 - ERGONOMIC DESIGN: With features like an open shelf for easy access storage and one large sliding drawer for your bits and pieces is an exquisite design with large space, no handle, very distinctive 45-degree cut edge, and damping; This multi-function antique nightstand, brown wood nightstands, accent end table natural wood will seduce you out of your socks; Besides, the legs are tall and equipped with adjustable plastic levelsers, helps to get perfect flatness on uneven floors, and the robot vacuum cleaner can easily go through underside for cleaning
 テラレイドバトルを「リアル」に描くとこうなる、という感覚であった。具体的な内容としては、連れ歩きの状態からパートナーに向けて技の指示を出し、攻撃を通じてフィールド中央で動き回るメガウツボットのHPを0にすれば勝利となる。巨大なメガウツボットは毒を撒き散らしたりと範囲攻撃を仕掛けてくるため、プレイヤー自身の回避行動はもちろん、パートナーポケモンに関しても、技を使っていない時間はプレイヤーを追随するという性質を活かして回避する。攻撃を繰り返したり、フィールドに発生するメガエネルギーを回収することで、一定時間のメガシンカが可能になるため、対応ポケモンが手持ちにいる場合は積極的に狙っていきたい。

------------------------------

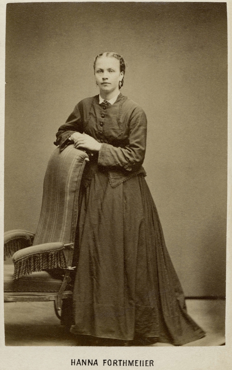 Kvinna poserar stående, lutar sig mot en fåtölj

------------------------------

EXERCISE AIM -> In the listing above, locate the line containing "- ERGONOMIC DESIGN: With" and the line containing "テラレイドバトルを「リアル」". Extract those two lines and every line between them, exactly as written, and only those.

EXERCISE SOLUTION ->
 - ERGONOMIC DESIGN: With features like an open shelf for easy access storage and one large sliding drawer for your bits and pieces is an exquisite design with large space, no handle, very distinctive 45-degree cut edge, and damping; This multi-function antique nightstand, brown wood nightstands, accent end table natural wood will seduce you out of your socks; Besides, the legs are tall and equipped with adjustable plastic levelsers, helps to get perfect flatness on uneven floors, and the robot vacuum cleaner can easily go through underside for cleaning
 テラレイドバトルを「リアル」に描くとこうなる、という感覚であった。具体的な内容としては、連れ歩きの状態からパートナーに向けて技の指示を出し、攻撃を通じてフィールド中央で動き回るメガウツボットのHPを0にすれば勝利となる。巨大なメガウツボットは毒を撒き散らしたりと範囲攻撃を仕掛けてくるため、プレイヤー自身の回避行動はもちろん、パートナーポケモンに関しても、技を使っていない時間はプレイヤーを追随するという性質を活かして回避する。攻撃を繰り返したり、フィールドに発生するメガエネルギーを回収することで、一定時間のメガシンカが可能になるため、対応ポケモンが手持ちにいる場合は積極的に狙っていきたい。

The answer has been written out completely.